Equitability Analysis of the Maximal Information Coefficient, with Comparisons
This work addresses the problem of identifying strong associations in high-dimensional data for data exploration, though it is incremental as it builds on existing MIC theory.
The paper analyzes the equitability of the maximal information coefficient (MIC) and compares it to alternatives like mutual information estimation and distance correlation, demonstrating that MIC is more equitable across various noise models and sample sizes.

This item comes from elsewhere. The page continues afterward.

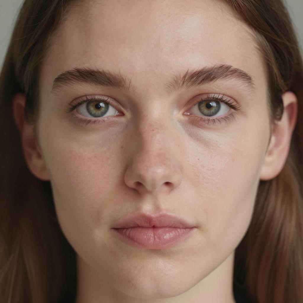 Close-up photograph of a woman's face, focusing on her blue eyes, light brown eyebrows, and fair skin. Her slightly parted lips and light blonde hair are partially visible on the right. Her gaze is intense, with slight eye reflection.

A measure of dependence is said to be equitable if it gives similar scores to equally noisy relationships of different types. Equitability is important in data exploration when the goal is to identify a relatively small set of strongest associations within a dataset as opposed to finding as many non-zero associations as possible, which often are too many to sift through. Thus an equitable statistic, such as the maximal information coefficient (MIC), can be useful for analyzing high-dimensional data sets. Here, we explore both equitability and the properties of MIC, and discuss several aspects of the theory and practice of MIC. We begin by presenting an intuition behind the equitability of MIC through the exploration of the maximization and normalization steps in its definition. We then examine the speed and optimality of the approximation algorithm used to compute MIC, and suggest some directions for improving both. Finally, we demonstrate in a range of noise models and sample sizes that MIC is more equitable than natural alternatives, such as mutual information estimation and distance correlation.